__WORK TO BE COMPLETED__
Each line from the top of the listing down to and including the line with "Inspired by geometric" must be duplicated exactly; pictures are to be skipped.

__EXTRACTED RECORDS__
=== Section Start ===

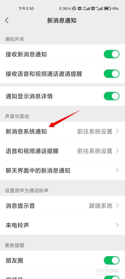 点击新动静系统通知的选项。
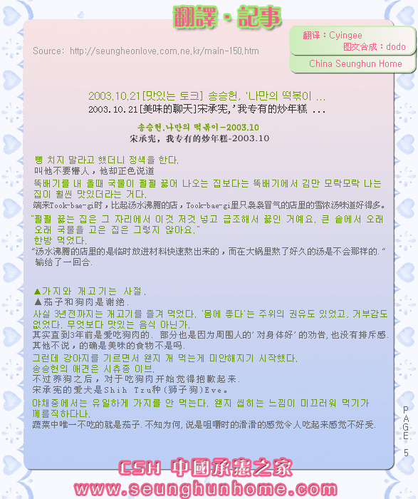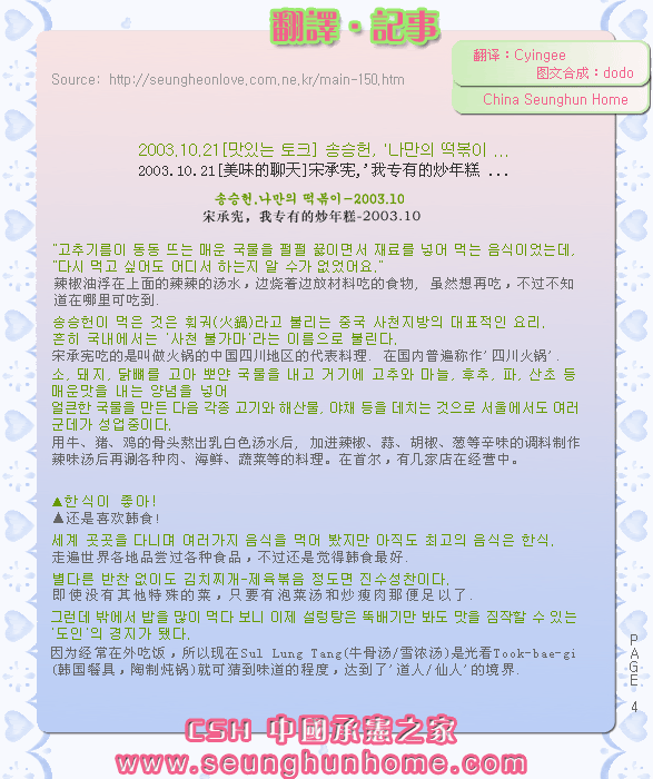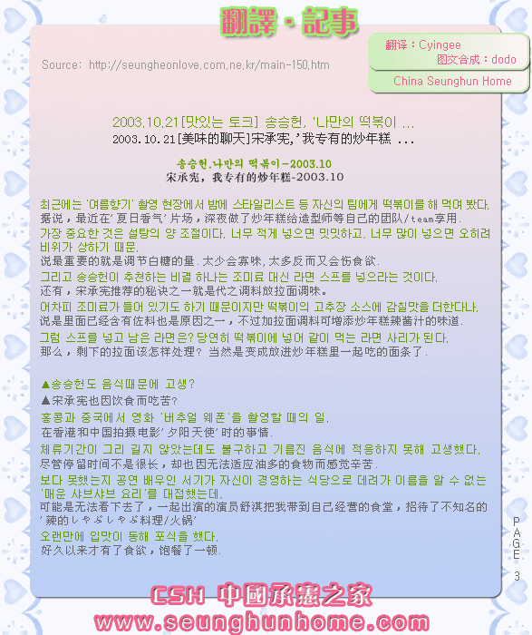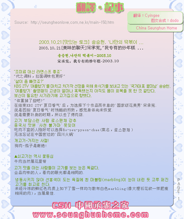 2003.10.21[美味的聊天]宋承宪,'我专有的炒年糕 ...(from CSH)==> 寫到:
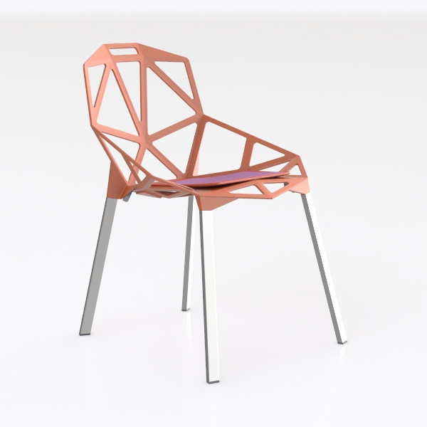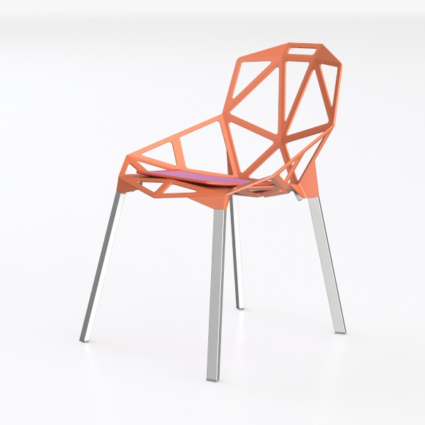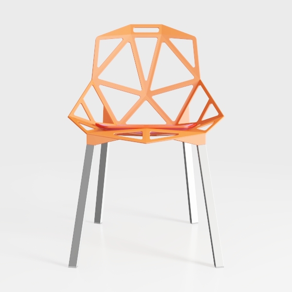 Inspired by geometric architectural patterns, this chair features a vibrant orange frame with intricate cutouts, creating a light, airy aesthetic. Sleek metal legs add a cool contrast, while the hollowed-out design offers breathability and the curved back/seat contours for comfort. Sturdy, it pairs well with minimalist or Scandinavian decor, perfect for dining or living spaces.
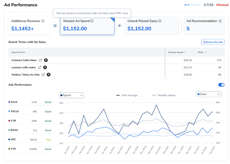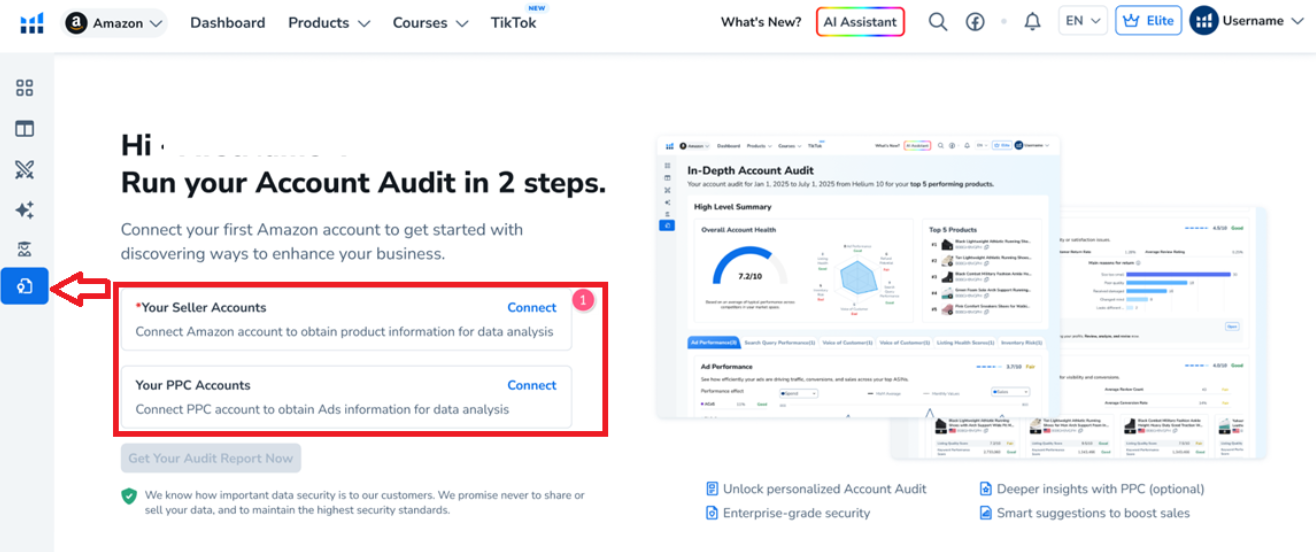审计报告是Helium 10洞察仪表板中的一项功能,旨在为亚马逊卖家提供其账户绩效的高层概览。它能展现优势,突出需要改进的领域,并提供人工智能驱动的建议,以支持更明智的决策。
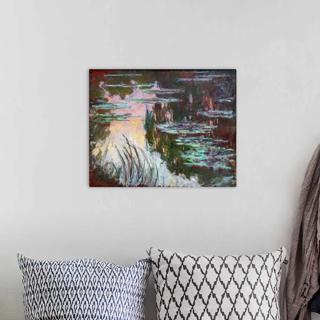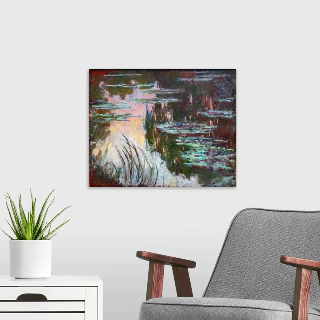 Painting titled 'WaterLilies, Setting Sun' by Claude Monet, founder of French Impressionist painting. Dated 1907.
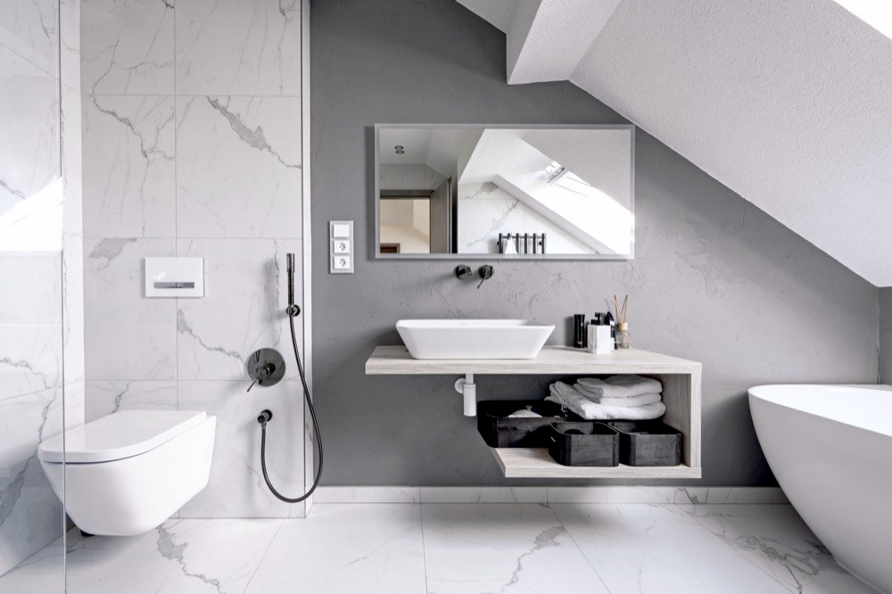 Inspiraci čerpali manželé na Pinterestu, v časopisech a pomohl jim i veletrh nábytku a bytových doplňků FOR INTERIOR, kde se třeba na stánku firmy Aksamite zamilovali do sedačky z buvolí kůže. Ta byla ovšem za jejich finančním limitem a dokonalou sedačku na míru jim pak sestavili až v prodejně. Stejné to bylo i s jídelním stolem a židlemi, ty také objevili na veletrhu u ostravské firmy Belterra a v showroomu jim pak dobře poradili s konkrétním výběrem. Ještě než ale pořizovali solitérní nábytek, kvůli koordinaci stavebních prací bylo nutné co nejdříve vybrat kuchyň. Do hlavní obytné místnosti si na internetu našli italskou kuchyň značky Arredo3. Ve studiu si padli do noty s návrhářkou, pro kterou byla kuchyň zakomponovaná pod šikminu zajímavou výzvou. Návrhářka nabídla materiál lamino v imitaci dřeva, jež hezky ladí s laminátovou podlahou v podobném dekoru. Kuchyň situovanou do tvaru písmene L ještě doplňuje pracovní ostrůvek. V podkroví jsou dvě koupelny, s jejichž zařízením se majitelé obrátili na studio Senesi. Šli tam s jasnou myšlenkou, kterou na místě poupravili. Oříškem prý bylo nastěhovat do koupelny vanu z litého mramoru. Zásadní byl pro majitele i výběr komfortní postele, proto zvolili vysoký kontinentální typ, který si vybrali u firmy ProSpánek.
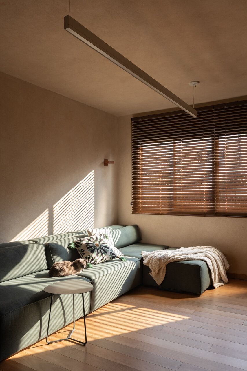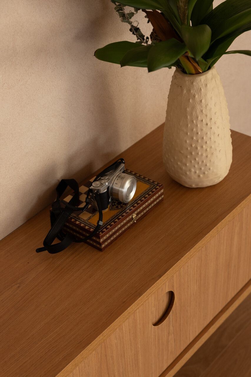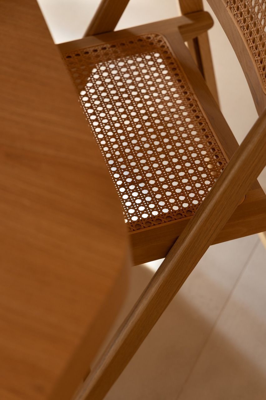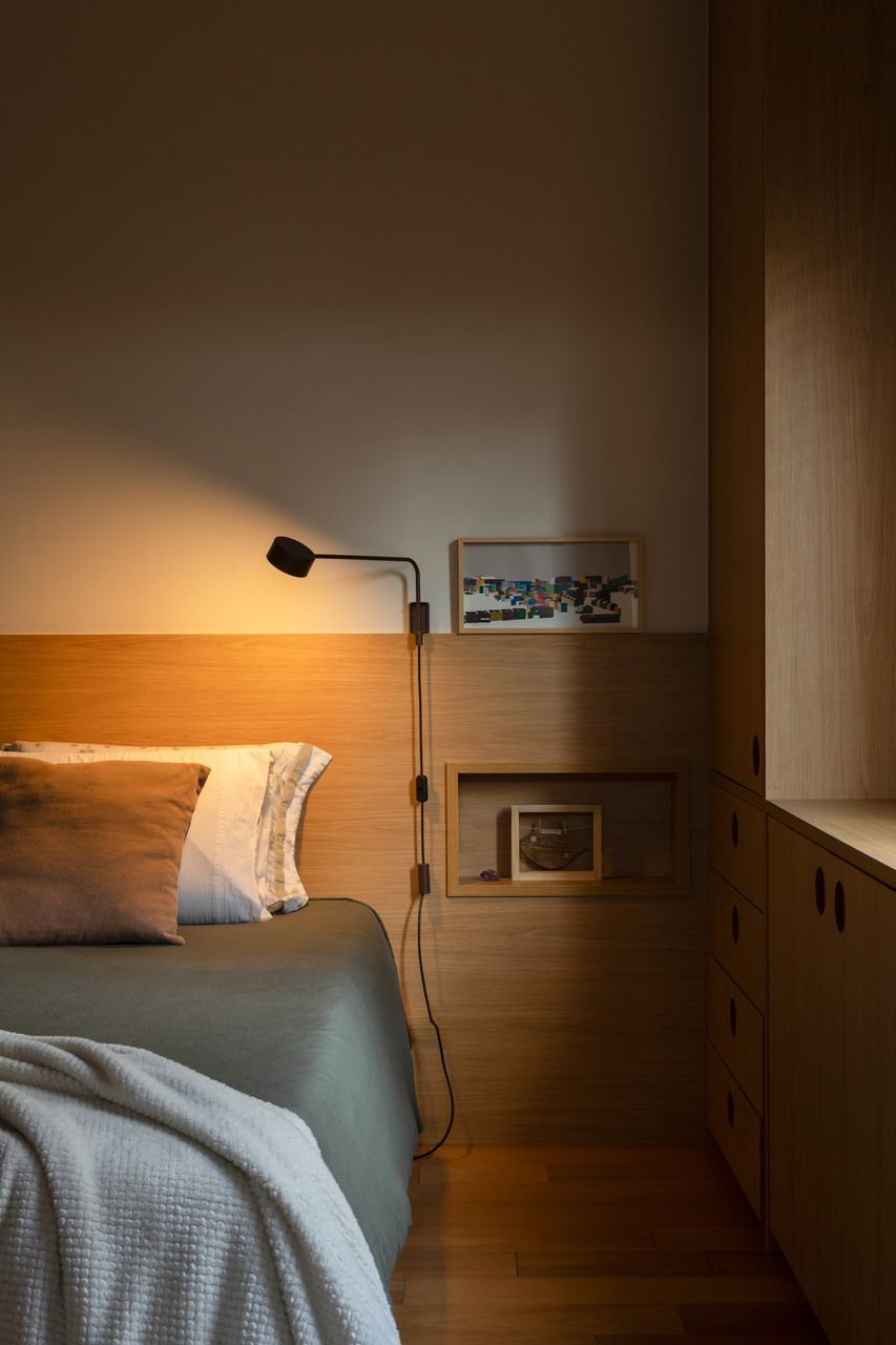 A paleta de materiais reforça o conceito de um habitar despretensioso e atemporal. Tons claros e terrosos, madeira em abundância, texturas que remetem à areia, além de elementos como palha e algodão, constroem uma atmosfera acolhedora e sensorial. A iluminação, predominantemente indireta, foi cuidadosamente desenhada para criar cenas intimistas e destacar marcenarias, objetos e obras, com luminotécnica assinada pela Reka Iluminação.
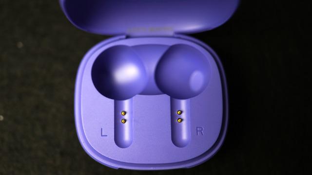 Type-c充電口則是在耳機充電艙的后面,不管是上蓋還是充電艙身,弧度的設(shè)計都比較大,這種設(shè)計可以提升耳機在手中的握持感。
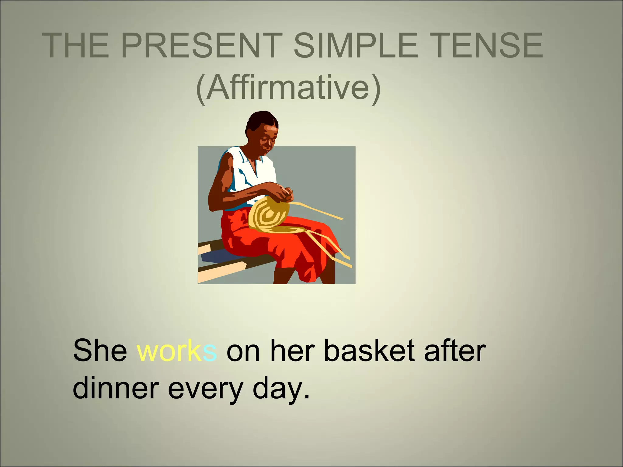 The document discusses the present simple tense in English. It covers the affirmative, interrogative, and negative forms for the third person singular. The present simple tense is used to describe general truths, habitual actions often accompanied by frequency adverbs like "always" or "never", and opinions/feelings. Some examples of each use are given.
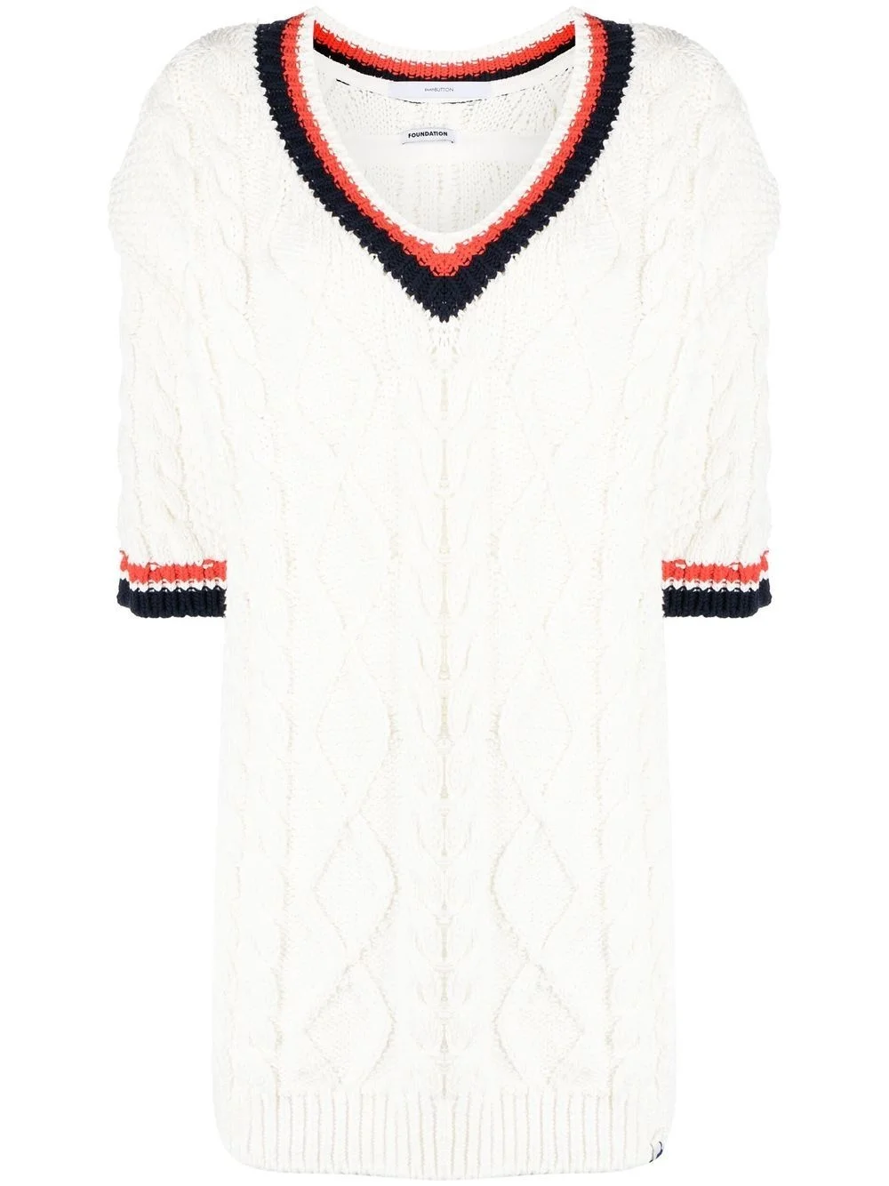 three-quarter sleeve cable-knit top off-white cotton blend cable knit V-neck three-quarter length sleeves striped border ribbed hem Imported Composition Body: Cotton 78%, Polyester 22% SIZE & FIT Model measurements Height 5 ft 11 in(1.8 m) Bust/Chest 28.34 in(72 cm) Hips 35.43 in(90 cm) Waist 23.62 in(60 cm) FittingInformation This piece fits true to size. We recommend you get your regular size Cut for a loose fit Made with a mid-weight fabric Washing instructions Dry Clean Only
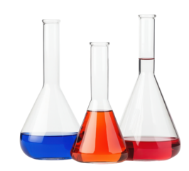Four glass laboratory flasks filled with orange liquid for scientific research transparent background

=== Section End ===

__SOLUTION__
 点击新动静系统通知的选项。
 2003.10.21[美味的聊天]宋承宪,'我专有的炒年糕 ...(from CSH)==> 寫到:
 Inspired by geometric architectural patterns, this chair features a vibrant orange frame with intricate cutouts, creating a light, airy aesthetic. Sleek metal legs add a cool contrast, while the hollowed-out design offers breathability and the curved back/seat contours for comfort. Sturdy, it pairs well with minimalist or Scandinavian decor, perfect for dining or living spaces.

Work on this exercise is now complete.